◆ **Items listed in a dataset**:
************

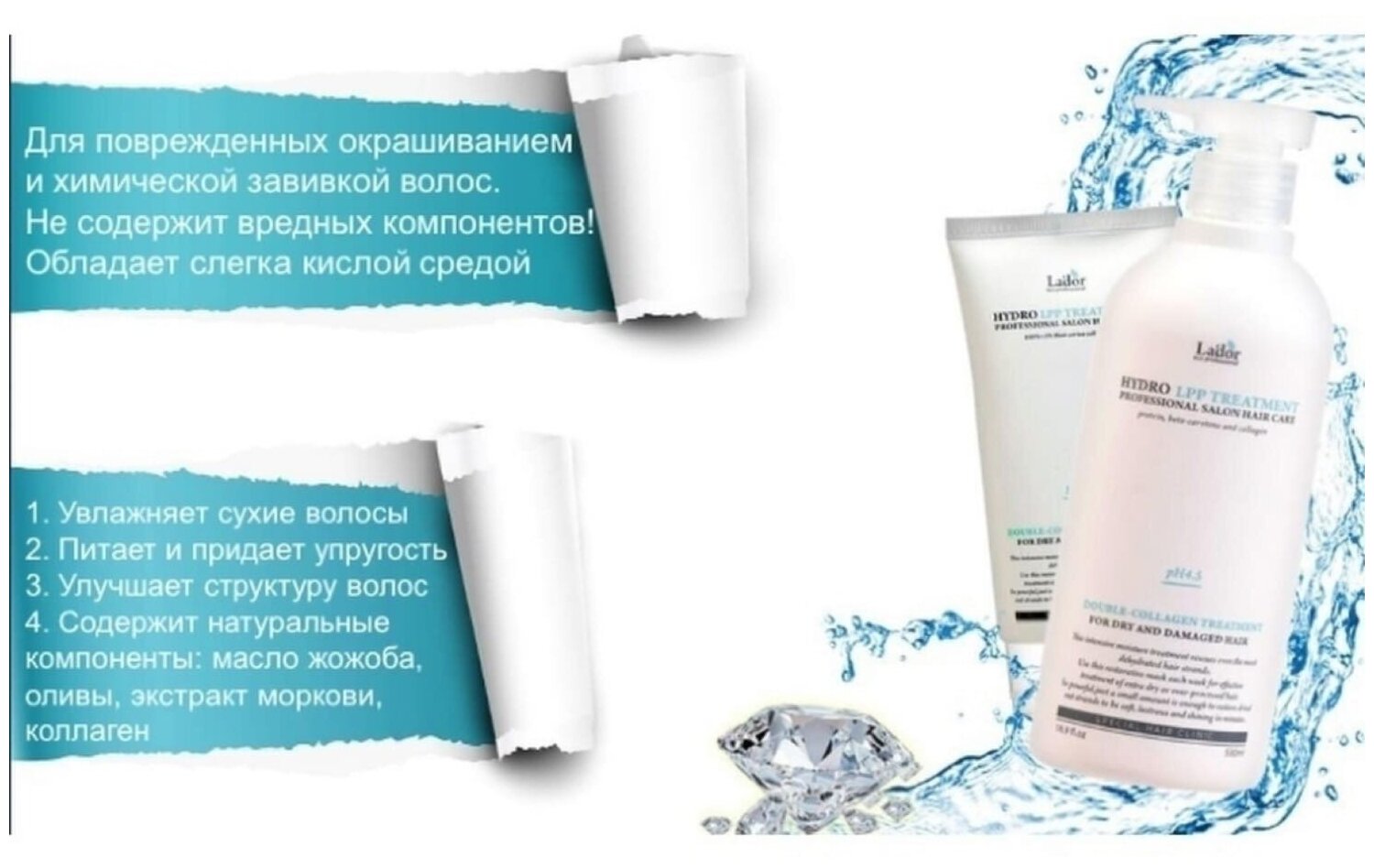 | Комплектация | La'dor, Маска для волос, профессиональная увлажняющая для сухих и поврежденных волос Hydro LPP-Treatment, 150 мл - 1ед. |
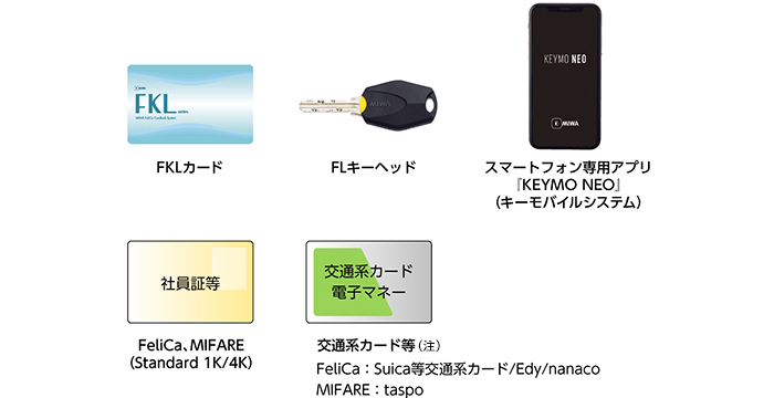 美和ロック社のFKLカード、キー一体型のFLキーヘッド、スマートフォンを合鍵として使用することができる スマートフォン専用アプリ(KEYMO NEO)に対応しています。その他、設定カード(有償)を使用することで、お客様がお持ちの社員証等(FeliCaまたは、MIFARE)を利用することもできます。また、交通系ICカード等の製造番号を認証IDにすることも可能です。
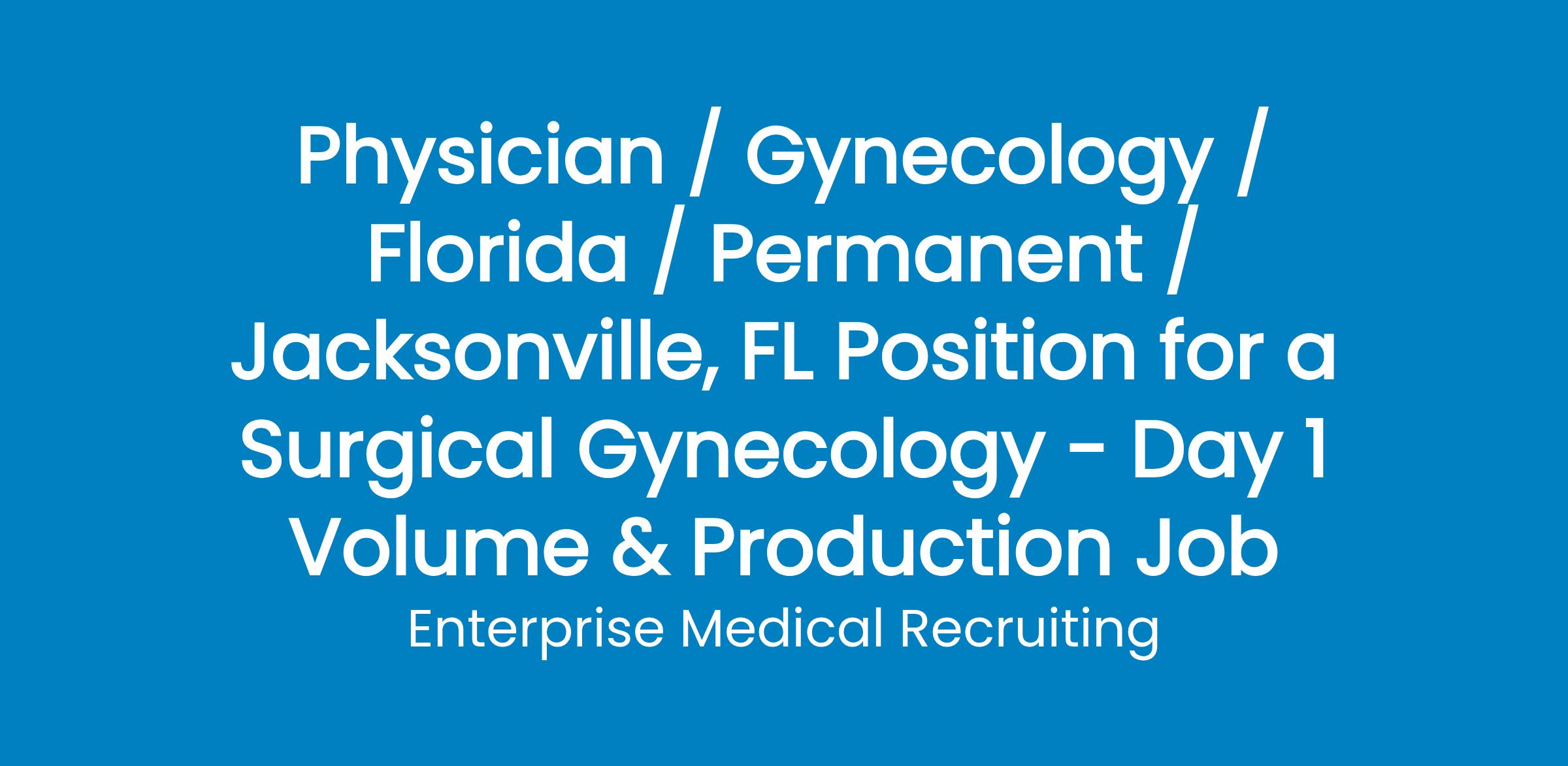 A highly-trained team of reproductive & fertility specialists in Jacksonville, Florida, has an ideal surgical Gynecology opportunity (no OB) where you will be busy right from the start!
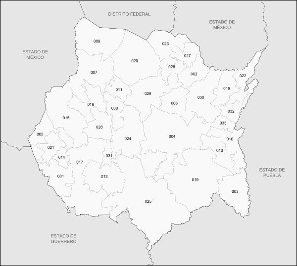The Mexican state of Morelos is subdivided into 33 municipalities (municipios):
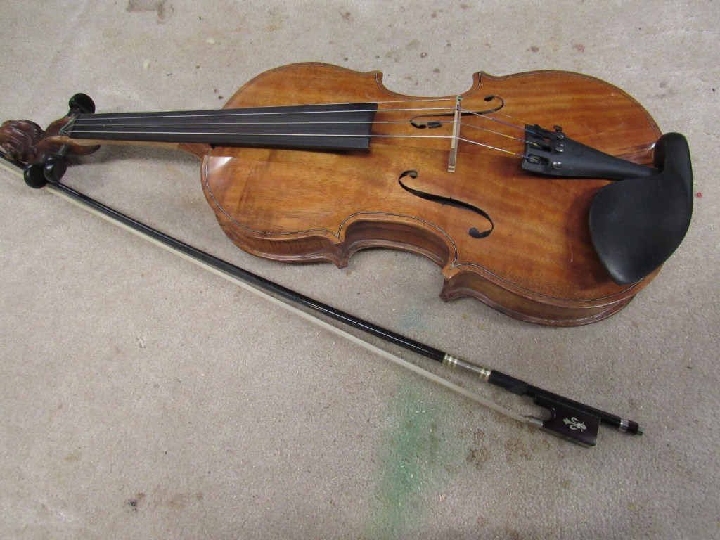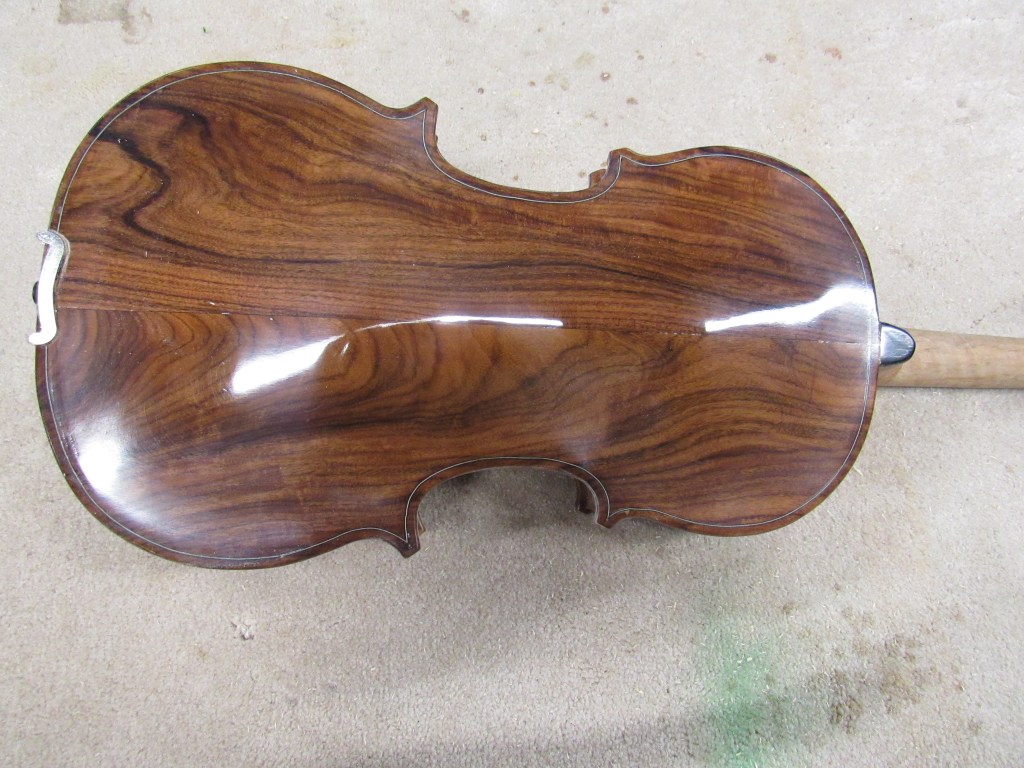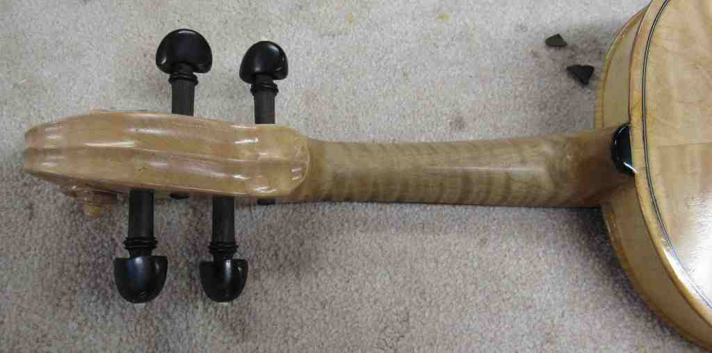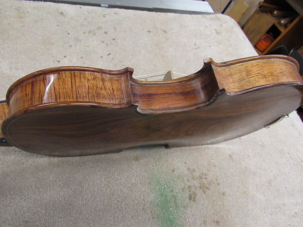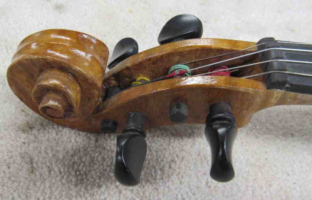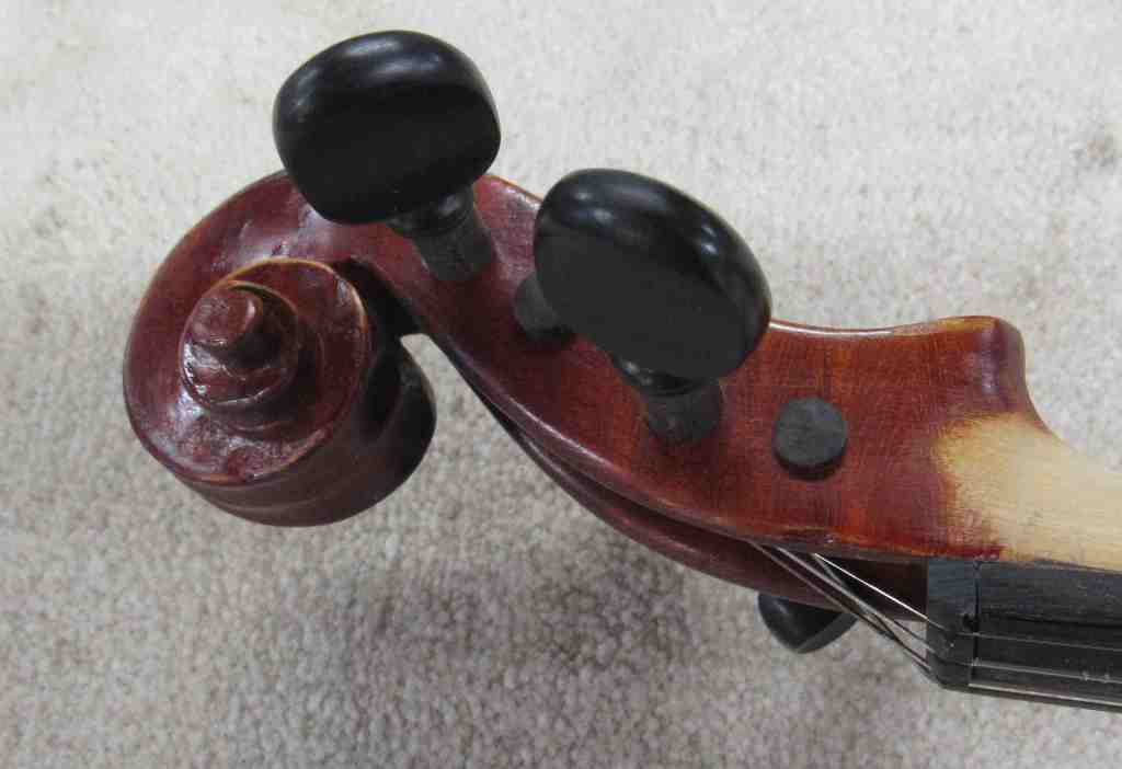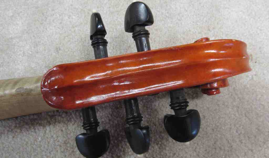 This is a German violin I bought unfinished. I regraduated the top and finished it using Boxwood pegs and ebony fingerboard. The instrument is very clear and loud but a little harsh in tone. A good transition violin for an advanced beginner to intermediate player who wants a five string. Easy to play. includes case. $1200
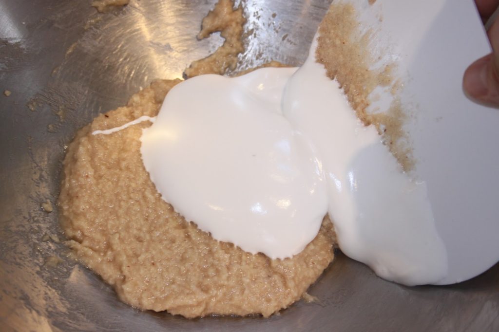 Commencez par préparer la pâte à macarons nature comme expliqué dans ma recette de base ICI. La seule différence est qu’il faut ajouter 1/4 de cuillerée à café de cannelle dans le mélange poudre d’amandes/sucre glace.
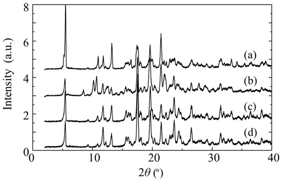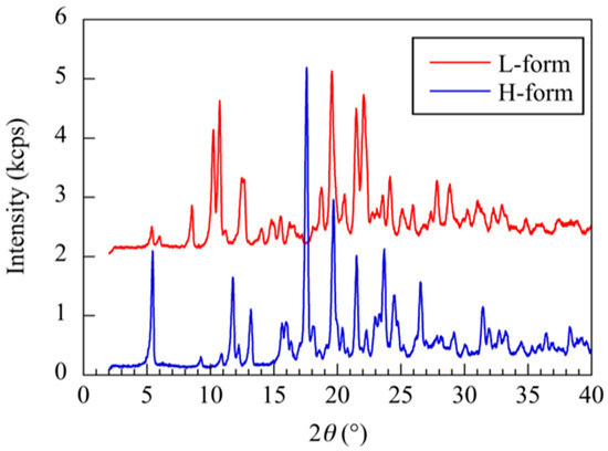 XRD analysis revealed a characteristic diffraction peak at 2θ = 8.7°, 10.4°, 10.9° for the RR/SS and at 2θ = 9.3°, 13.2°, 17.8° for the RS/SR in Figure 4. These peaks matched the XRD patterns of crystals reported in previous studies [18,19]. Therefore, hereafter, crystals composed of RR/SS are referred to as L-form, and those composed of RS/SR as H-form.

************

◆ **Problem**:
Using the data above, return the lines from the one holding "This is a German" through the one holding "Commencez par préparer" exactly, but not the pictures.

◆ **Finished exercise**:
 This is a German violin I bought unfinished. I regraduated the top and finished it using Boxwood pegs and ebony fingerboard. The instrument is very clear and loud but a little harsh in tone. A good transition violin for an advanced beginner to intermediate player who wants a five string. Easy to play. includes case. $1200
 Commencez par préparer la pâte à macarons nature comme expliqué dans ma recette de base ICI. La seule différence est qu’il faut ajouter 1/4 de cuillerée à café de cannelle dans le mélange poudre d’amandes/sucre glace.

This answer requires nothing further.